England’s new head coach Eddie Jones is about to reveal his first hand as the annual January announcement of the updated England Elite Player Squad arrives.


Tomorrow will see Jones make the announcement at Twickenham Stadium alongside his new assistant coaches Paul Gustard and Steve Borthwick.  He is allowed to make up to ten changes to the previous squad with the players training together until Jan 26th when those not involved in the first match of the Six Nations against Scotland will be sent back to their clubs to be made available for the Aviva Premiership.

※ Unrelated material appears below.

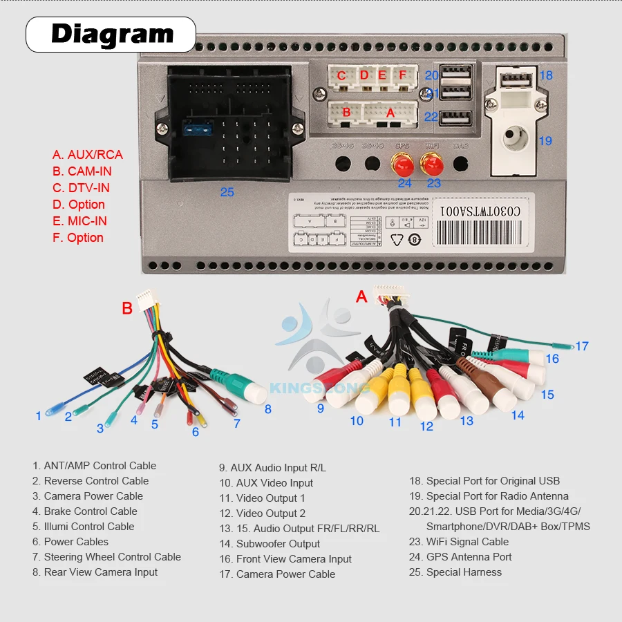 General - Power Supply: DC 12V (allowance range: 10.8-14.5V) - Max. Current: 10A - Screen Size: 8 inch - Front panel Size: 260mm(Top width)*120mm(High)*240mm(Bottom width) - Package Size: 340mm*270mm*200mm - Shipping Weight: 3.0kg System - Operation System: Google Android 10.0 - CPU: MT8321A 1300MHz Cortex A7 - RAM: 2GB - Internal Memory: 16GB - Extended Card/USB: Support USB/SD up to 64GB Display - Screen Type: Multi-touch screen - Multi-windows view: Yes, support Split Screen, you can run two apps side by side - Resolution: 1024*600 - Capacitive or Resistance Screen: Capacitive - Built-in Clock and Calendar: Yes, show real time and can use network-provided time - Main Menu Status Bar display: Can be changed to Music/Radio/BT-Stereo Player and Clock/Date/Week - Change Wallpapers: built-in 2 live wallpapers, 7 standard wallpapers, support User's wallpaper - Change Apps-Icon Position: Yes Internet - WiFi Internet: Built-in WiFi Module, support 802.11b/g/n, support WiFi Hotspot - 3G/4G Internet: USB 3G/4G Dongle not included, just contact us to buy it together - Explorer: Opera, UCWeb, SkyFile, Dolphin and more explorer for your selection - Online Entertainment: Online Video, TV, Movie, Music, Radio, Video Chat - Online Navigation: Online Google Maps Navigating - Online Games: Yes, online play or you can download it from google play store - Online Communication: keep connected through WhatsApp, WeChat, Twitter, Facebook, Gtalk, Gmail... - Read and edit Office Software: Yes, support Word, Excel, Powerpoint, PDF, TXT Audio - Format: MP3, WMA, MP2, OGG, AAC, MA4, FLAC, APE, WAV etc. Could play via song list - Record: MP3, WMA - Other: LRC synchronized display; ID3 search; Search by files; Album Picture; User-defined audio effect - Audio IC: Top Global Cirrus IC, independent audio decoding - SNR: Noise rations:=90dB Video - Format: Support AVI (H.264, DIVX, XVID), rm, rmvb, MKV (H.264, DIVX, XVID). WMA, MOV, MP4 (H.264, MPEG, DIVX, XVID). DAT (VCD format). VOB (DVD format). PMP, MPEG, MPG. FLV (H.263, H.264). ASF, TS, TP, 3GP, MPG ect. =30 formats, Playing internet video directly (while downloading) - Play: Up to 1920*1080 Pixels, 30Mb. Fluent play without light spot - Video Output: Common Video Output (AV) GPS - Operation System: Android 10.0 - Support Maps: IGO, Sygic, Waze maps for Android 10.0 - Support offline navigation: Yes, 16GB TF Card incl. - Dual Zone: Yes, navigating while music playing - Online Navi: Yes, support online navigating such as google maps Bluetooth - Hands Free: Yes - A2DP (Bluetooth Stereo Music): Yes, can play stereo music through Bluetooth - PB-Download: Yes, can download phonebook from mobile to this unit - PB-Search: Yes, can use the first letter to search contact member in PB-Listings - Calling Records: Yes, Dialed Call, Received Call, Missed Call - Built-in Microphone: Yes, on the front panel - External Microphone Jack: Yes, on the back, external Mic. incl. Radio - Main Chips: TEF6686 - AM Frequency Range: 522-1620KHz - AM Increment: 9KHz(EU)/10KHz(US) - FM Tuning Range: 87.5-108MHz - FM Increment: 0.05MHz(EU)/0.1MHz(US) - FM Area: Europe/USA1/USA2/Japan/Russia - RDS: On/Off - Preset Stations: 30(FM 3*6, AM 2*6) USB - Position: 4 USB On the Back - Function: Can be connected with U-Disc, 3G/4G Dongle, CarPlay Dongle, TPMS-Device, DVR-Camera, DAB+ Box, Smartphone etc. - Capacity: 64GB - Play MP5 Videos: Yes, can play RMVB Videos up to 1080P TF - Position: On the front panel - Function: Can be used as Multimedia card or GPS card slot. - Capacity: 64GB - Play MP5 Videos: Yes, can play RMVB Videos up to 1080P Mirror Link - Ready to use: Yes - Built-in Mirror Link App: Yes, the name is EasyConnection - Support Device: iPhone iOS 7.1 and above, Android phone with Android 5.0 and above - Connection: iPhone via WiFi and Android Phone via WiFi or USB - Unit's Screen Control Phone: Just support the most of Android SmartPhones CarPlay & Auto - Built-in: No, need to buy a USB CarPlay & Auto Dongle to use this function - App: Special APP for CarPlay & Auto Dongle - Support Device: iPhone iOS 7.1 and above, Android phone with Android 5.0 and above - Connection: USB - Unit's Screen Control Phone: Just support the most of Android SmartPhones Car DVR - Built-in Car Recorder App: Yes, just connect a USB Camera to use this function - Support HD CCD Camera: Yes - Play recorded Video directly: Yes - Storing Position: Card/USB Storage can be changed TPMS-IN - Built-in TPMS App: Yes, just connect a TPMS Module to use this function - Connection Port: USB - Power Supply to TPMS Module directly: Yes - Touch Control: Yes DAB(+)-IN - Built-in DAB Player App: Yes, just connect a DAB+ Box to use this function - Connection Port: USB - Power Supply to DAB+ Box directly: Yes - Touch unit's screen to control the connected DAB+ Box: Yes DTV-IN - Built-in DAB Player App: Yes - Connection Port: Special - Power Supply to connected DTV Box directly: Yes, you can connect our DTV Box to achieve this function - Touch unit's screen to control the connected DTV Box: Yes, you can connect our DTV Box to achieve this function Additional - Textbook: Could change font, font color, background color, bookmark, reading E-book while listening music - Photo Viewer: Support JPS, BMP, PNG, GIF etc. format. play by revolve, Powerpoint Support 4096*4096 Pixels - APK Installer: Support Android Package installer - Support Torque Pro(OBD2 &Car): Yes, you can connect a Bluetooth OBD2 Scanner Tool to use this function - Support steering wheel control, built-in CanBus decoder (it cost GBP30 in the market) included - Support panel light colors adjustment, many RGB-colors can be chosen - Support Android Multimedia Player, can play Music/Video/Photo from local USB/TF Input - AUX Video In: One - Rear-View Camera Video In: One - External Microphone In: One - AUX Audio In: R/L - TPMS Box In: One - DTV Box In: One - DAB+ Box In: One - Car DVR In: One Output - Video Out: Two - Audio Out: FR/FL/RR/RL - Surround Stereo Out: 4*45w - Sub

A classic cliché of a banana skin, England’s opening battle at Murrayfield will be a stern test of the World Cup flops but there will be no doubt about how much they will be willing to prove, not only to Jones as the new man in charge but also to the watching rugby public and a few disillusioned fans.

In the squad announcement, it will be fascinating to see how much change Jones really thinks is necessary.  It will be impossible for him to exert his perfect game plan on England’s players in the time they have together but he will be able to put some building blocks in place.  Regarding England’s attack, he has already said ahead of Wednesday’s announcement that this area “takes time because it is more complicated, it is more complex”.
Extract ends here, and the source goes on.